The combination of myoclonus with Parkinson’s disease and other extrapyramidal syndromes may in hepatolenticular degeneration, Huntington’s disease, progressive supranuclear palsy, multisystem atrophy, kortikobazalnoy degeneration, diffuse Lewy body disease. PD myoclonia is usually caused by side effects of the drug Sinemet.
Combination with progressive myoclonus with dementia (dementia, myoclonic) is observed most frequently in the three diseases – Alzheimer’s disease, Huntington’s disease and Creutzfeldt – Jakob disease.
Epileptic myoclonia can be generalized and focal. From a nosological point of view it may be a manifestation of primary (idiopathic) or cryptogenic and symptomatic myoclonic epilepsy.
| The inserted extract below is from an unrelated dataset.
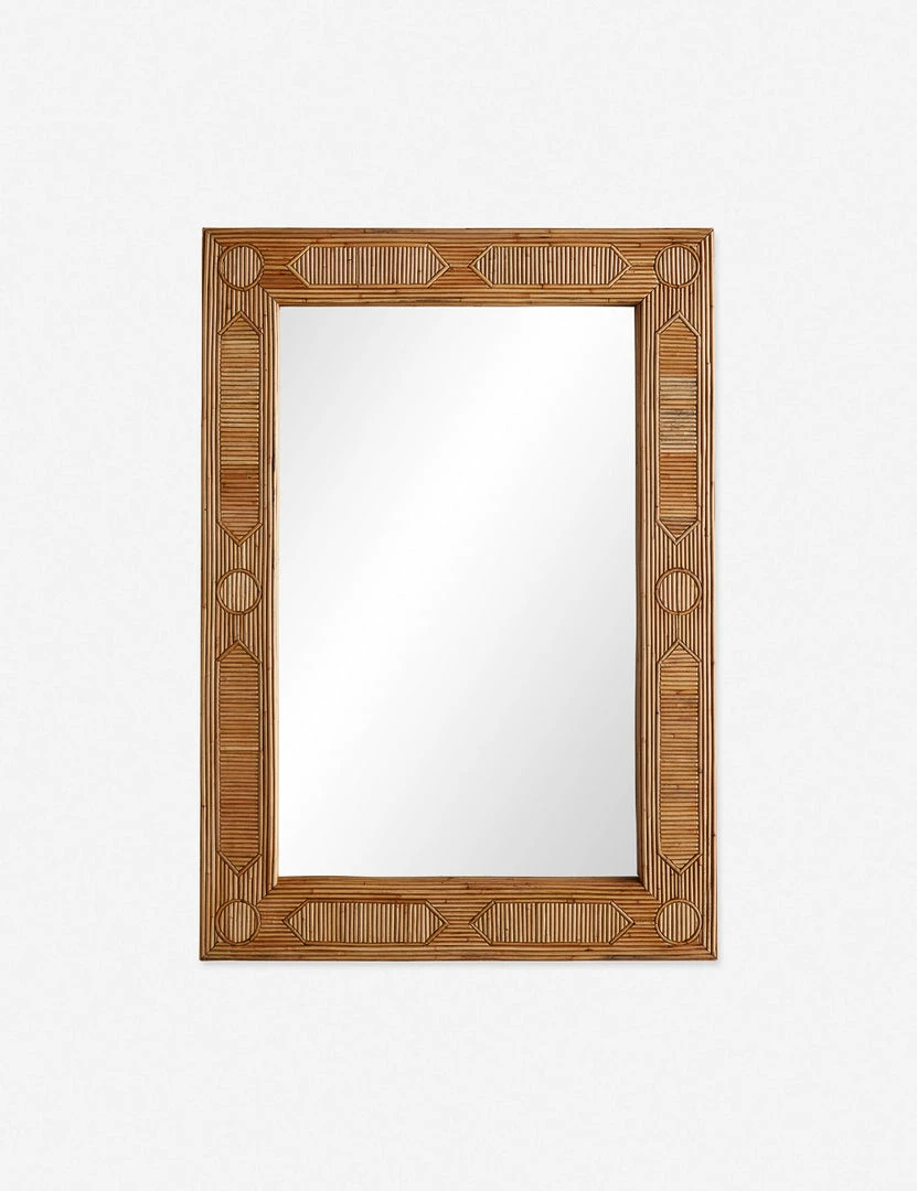 Inlaid rattan patterns evoke a warm organic tone with geometric appeal in this wall mirror design by Celerie Kemble. Layer this mirror into a look that pairs vintage elements with brass and natural accents for a richly collected feel.

Juvenile myoclonic epilepsy – a generalized hereditary epilepsy, the main manifestation of which is myoclonic seizures. The disease usually manifests in adolescence (12-18 years). Sudden myoclonic jerks sweeping often arise in the morning, often after awakening. Myoclonus is usually bilateral, more pronounced in the hands and can be of different amplitude – from subtle to dramatic jerky movements. Often, patients during the breakfast dishes from the table upset. In 80% of cases are reported as generalized tonic-clonic seizures, sometimes occurring after a short series of myoclonic jerks. Sometimes patients have a third type of seizures – absence seizures. Focal neurological symptoms and mental disorders are absent. Seizures triggered by emotion, sudden external stimulus, alcohol, insomnia, photostimulation. EEG reveals bilateral symmetric complexes of multiple-peak wave or slow waves. In the interictal period of EEG may be normal.
Treatment. Valproic acid preparations (Sinemet) effective nearly 90% of patients, but they have to take life. In case of intolerance of valproic acid can assign lamotrigine (lamiktala). Sometimes, mild myoclonus unnoticed, and attention is drawn only tonikoklonicheskie seizures, leading to inadequate treatment of other anticonvulsants.